Using this data, Appiah was able to analyze 7,773 women aged 40 to 74 years at the time of the survey and who had reached natural menopause. From the 1959-1962 NHES I to the 2015-2018 NHANES, the mean age at which women reached natural menopause increased from 48.4 years to 49.9 years and the mean age at menarche fell from 13.5 years to 12.7 years. This resulted in an increase of the mean reproductive life span from 35.0 years to 37.1 years.
In multivariable adjusted models Appiah saw that race and ethnicity (Black and Hispanic), poverty, current and former smoking status and hormone therapy use were associated with earlier age at natural menopause and a shorter reproductive life span. Factors such as more years of education and use of oral contraceptives were associated with women who reached natural menopause at a later age and had longer reproductive life span.
Appiah said other factors not assessed in their study such as lifestyle and behavior factors, improved access to health care, nutrition, obesity and environmental factors may be related to the increasing trends in age at natural menopause and reproductive life span.
In past research, Appiah has shown that menopause is associated with metabolic conditions, which also influence the development of certain diseases. More importantly, he said, his work has shown that researchers tend to be more concerned about the age at which women reach menopause when they actually need to identify factors that are causing women to reach menopause at an earlier age because those factors tend to be more important.

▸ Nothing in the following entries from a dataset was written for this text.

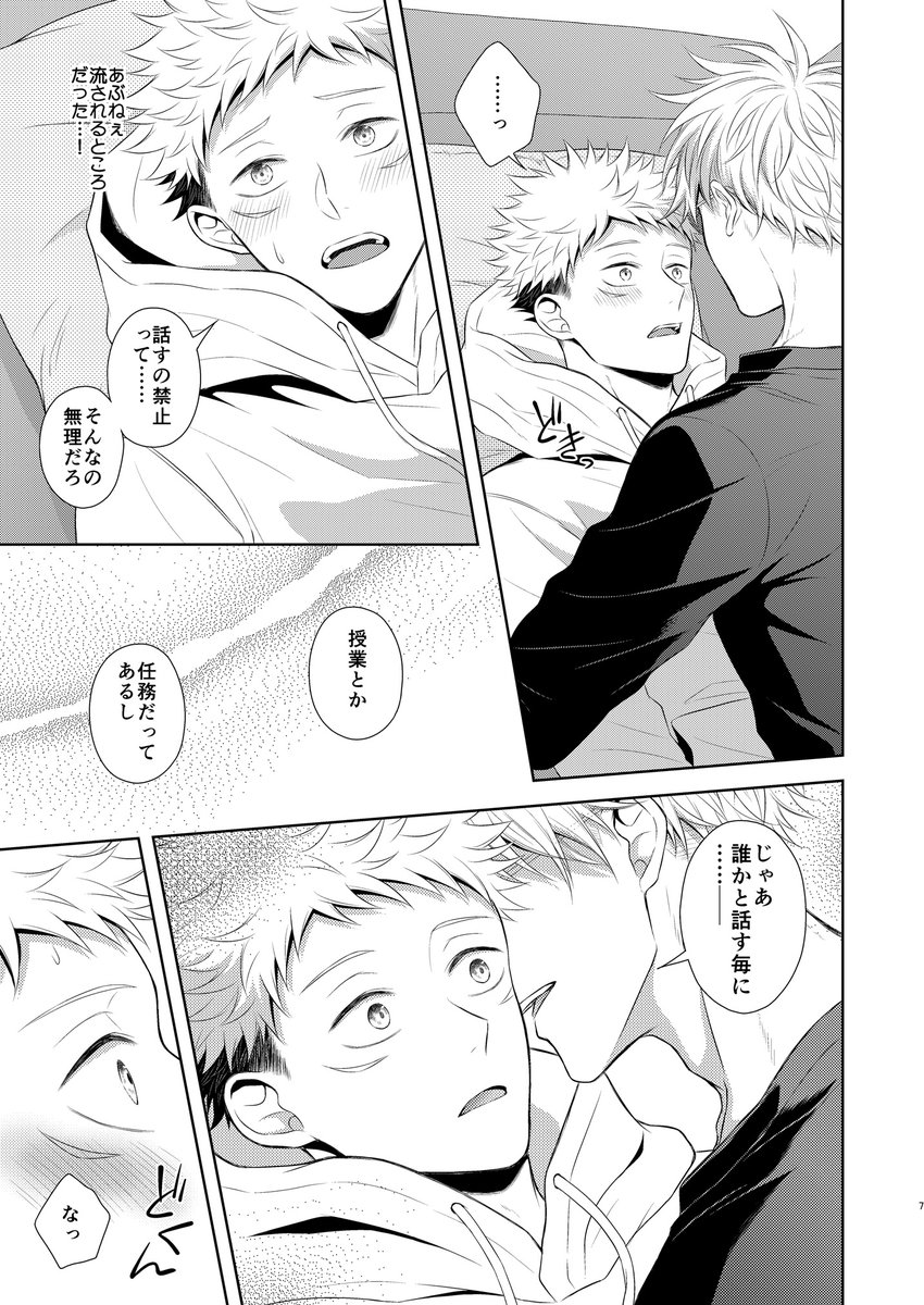五悠新刊サンプルです! 「誰かと話す毎に1回XXXする」という先生の言葉を冗談だと思ったゆじくんがいっぱいXXXされる羽目になる本です。表紙デザイン:nzworks様(@_nzworks_) #空オレ_0925_頒布
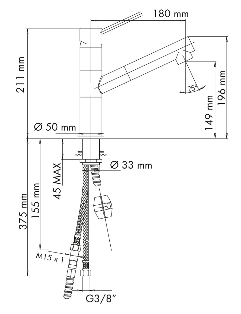 Высота смесителя - 211 мм,
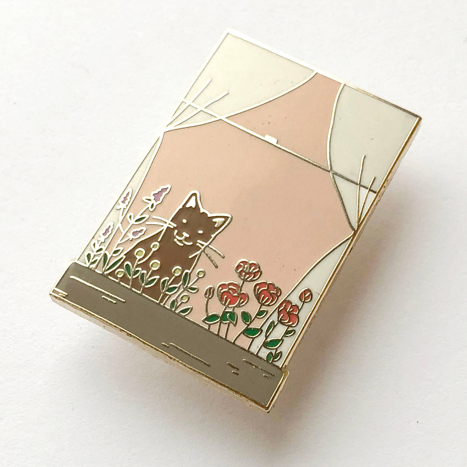 Cat in the Window - hard enamel pin. 1.5 inch tall.
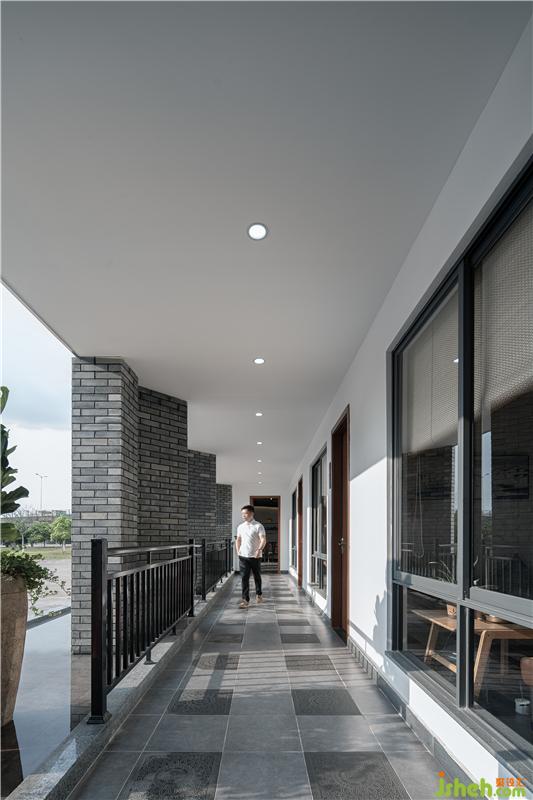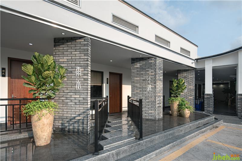 立面巧妙的用斜墻營造出輕盈的中式連廊,原木青磚片整齊有序的排列在白墻中,留白的素墻簡(jiǎn)潔的隔斷自由穿行,自然而然的成為最淋漓的表現(xiàn)方式,簡(jiǎn)約的中式外立面,干凈利落的以設(shè)計(jì)表達(dá)出整個(gè)空間氣韻。
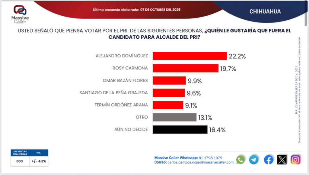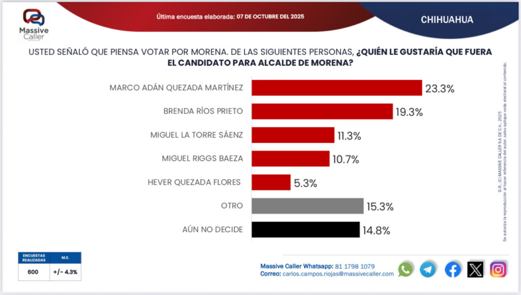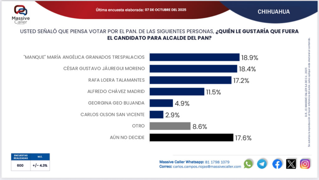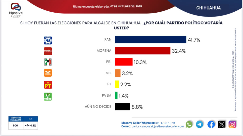 Massive Caller publicó su más reciente encuesta respecto a las preferencias electorales para la alcaldía de Chihuahua capital, en donde el PAN se mantiene en primer lugar, Morena en segundo y el PRI en tercero.
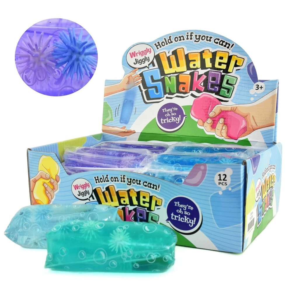 Dieser Flutschie mit Schneeflocke ist ein gefüllter Gummischlauch, in dessen Inneren sich eine wirbelnde, farbige Flüssigkeit mit kleinen Schneekristallen befindet. Die Wasserschlange ist schwierig zu fangen oder zu halten, da sie sich immer fortzubewegen scheint.
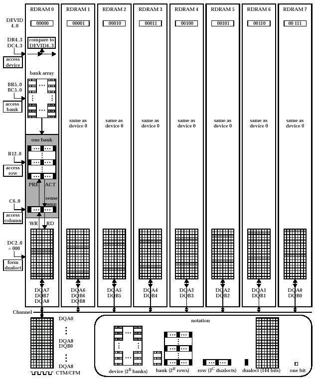 Как и любые другие микросхемы памяти, рассматриваемые устройства состоят из двух основных блоков: ядра (Core), включающего в себя логические банки (Bank) c усилителями уровня (SenseAmp), и Direct Rambus-совместимой интерфейсной части, являющейся коммуникационным механизмом для связи с контроллером памяти. Забегая вперед необходимо отметить, что различие в рассматриваемых архитектурах микросхем DRDRAM состоят исключительно во внутренней логической части. Стандартно, массив микросхемы содержит банки (Bank), количество и организация которых определяется фундаментальностью самой архитектуры и конечной емкостью устройства. Банки содержат строки (Row), которые, в свою очередь, содержат столбцы (Column)  матрица, образующаяся такой иерархией, и является ядром микросхемы памяти. Строка  это объем считываемых или записываемых данных в один из нескольких банков ядра. Столбцы  подмножества строк, которые считываются или записываются в индивидуальных фазах операций чтения/записи.
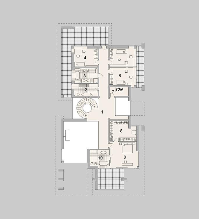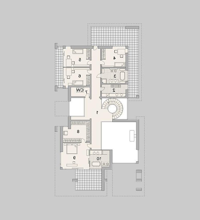 Konstrukcja dachu: stropodach żelbetowy, nadwieszenia na konstrukcji stalowej
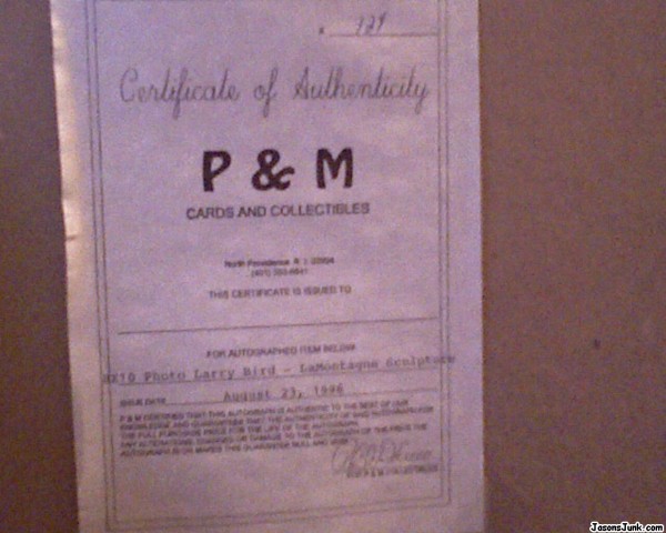 August.23,1996 8x10 Larry Bird-LaMontagne Sculpture Autographed With Certificate of Authenticity By P&M Cards and Collectibles in North Providence R.I. 02904 Phone#(401)353-6841
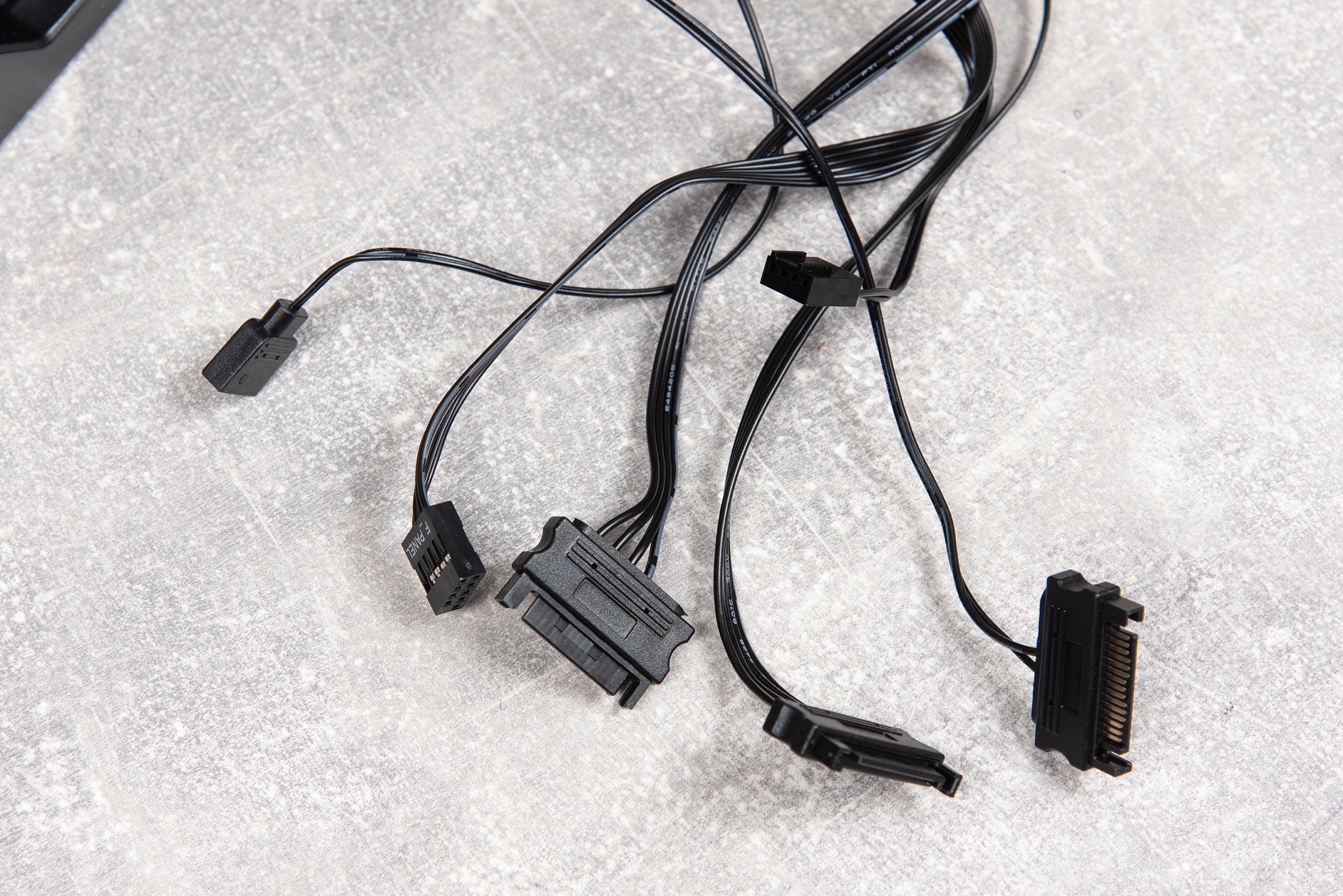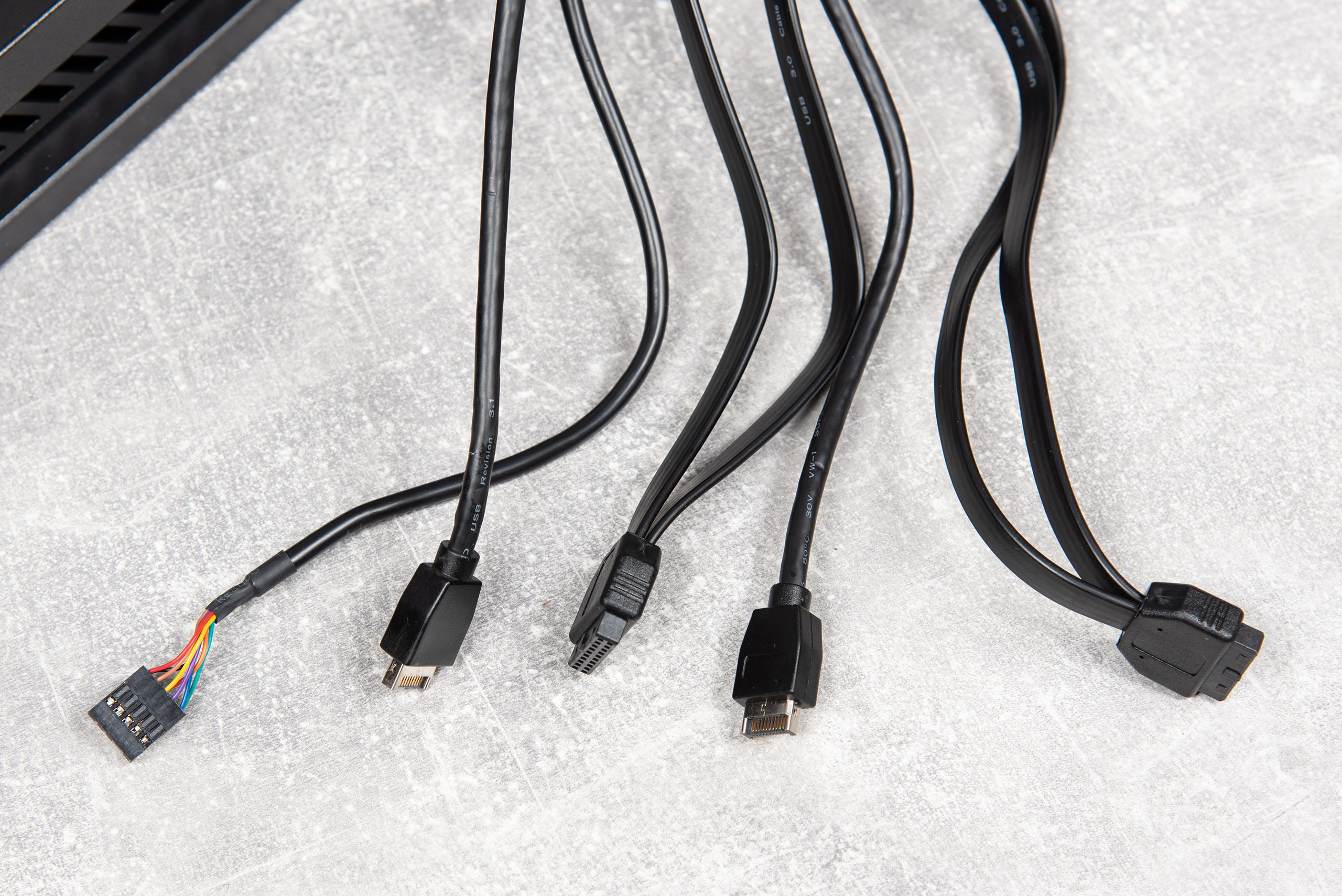 А их даже у самого корпуса здесь превеликое множество: два USB 3.2 Gen1 Type‑A, два USB 3.2 Gen2x2 Type‑C, один аудио-кабель, один общий для кнопок и индикаторов, один для управления вентилятором, один для ARGB-подсветки и три кабеля питания SATA Power.

"This study was to give some empirical evidence to some of my past studies, but then for future studies, I'm still looking at how age and menopause is associated with cardiac structure and function, for instance, how the heart beats, how the heart becomes bigger with age," Appiah said. "This paper has given perspective to some of my past work, and it's also given some direction to my future work, whereby I'll look at whether age at natural menopause and length of reproductive life span is a marker for overall health in women."